BLAHA (2008) formuliert die Ziele der risikoorientierten Schlachttieruntersuchung wie folgt: Es sollen auch Erkrankungen festgestellt werden, die klinisch kaum wahrnehmbar sind, die jedoch anhand der betriebsspezifischen Daten erkannt werden könnten. Betriebe, bei denen durch einen guten Informationsfluss ein niedriges Risiko mit guter Sicherheit vermutet werden kann, sollen lediglich einer visuellen Untersuchung unterzogen werden. Hierdurch können Zeit und Kosten gespart werden. Ebenso ist die gegenseitige Verunreinigung der Schlachtkörper bei einer visuellen Untersuchung deutlich geringer als bei der traditionellen. MEEMKEN et al. (2009) deuten darauf hin, dass nicht nur die visuelle Fleischuntersuchung, sondern das „Gesamtsystem“ der risikoorientierten Schlachttier- und Fleischuntersuchung zu einer Verbesserung der Lebensmittelsicherheit führen kann.

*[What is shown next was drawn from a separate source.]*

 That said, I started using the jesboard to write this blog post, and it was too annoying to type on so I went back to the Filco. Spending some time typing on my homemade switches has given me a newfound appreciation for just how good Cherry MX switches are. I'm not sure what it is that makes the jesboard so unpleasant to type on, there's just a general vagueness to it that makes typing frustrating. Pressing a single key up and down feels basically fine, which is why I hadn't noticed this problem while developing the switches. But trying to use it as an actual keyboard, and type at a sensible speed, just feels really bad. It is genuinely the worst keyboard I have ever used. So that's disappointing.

Hierzu gehören für die Autorin Aspekte wie z.B. das Salmonellenmonitoring. Durch die Einstufung der Betriebe in Salmonellenkategorien wird dem Schlachthof ermöglicht, Kreuzkontaminationen sowohl in den Wartebuchten als auch am Schlachtband so gering wie möglich zu halten, indem z.B. Tiere eines Betriebes mit der Salmonellenkategorie III (erhöhtes Risiko eines Salmonelleneintrags) zuletzt geschlachtet werden. Ebenso bekommen die Landwirte durch die Rückmeldung des Salmonellenaufkommens in ihren Beständen die Möglichkeit, darauf zu reagieren und durch die Beseitigung der Salmonellenursache sowohl die Tiergesundheit zu optimieren als auch einen positiven Beitrag zur Verbesserung der Lebensmittelsicherheit zu leisten (MEEMKEN et al. 2009).

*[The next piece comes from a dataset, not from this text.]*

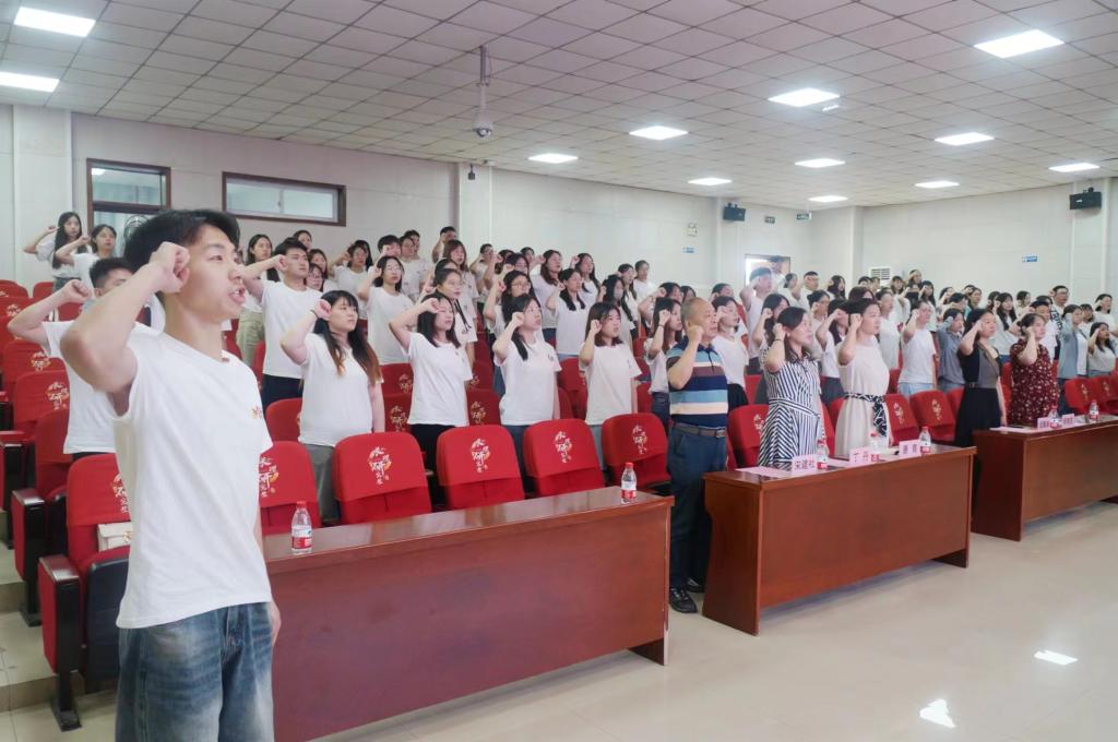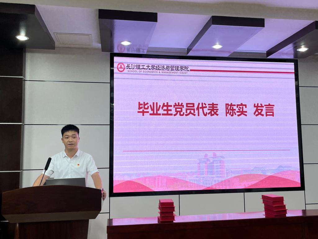 陈实和凌生华作为毕业生党员代表发言。凌生华回顾了大学四年向党组织靠拢的过程和自己的收获,感恩党组织的培养,让自己更加成熟坚定。陈实号召毕业生党员们要以党的二十大精神为指引,坚定入党初心,始终保持先进性和纯洁性,用自己的实际行动,为党的事业贡献自己的力量。随后,全体毕业生党员面向党旗重温了入党誓词。

Es ist generell nicht nur für die Schlachthofbetreiber von großem Interesse, gesunde Tiere zu schlachten und zu vermarkten. Für die Landwirte sollte es ebenso von Bedeutung sein, einen gesunden Bestand zu halten. Kosten können bei den

weniger Tierarztkosten und bei der Schlachttieruntersuchung durch die geringeren Gebühren der visuellen Untersuchung gespart werden. Durch die Rückmeldung der Schlachtbefunde an die Landwirte und ggf. die Einführung eines Benchmarking-Systems können ebenfalls Vorteile für diese entstehen.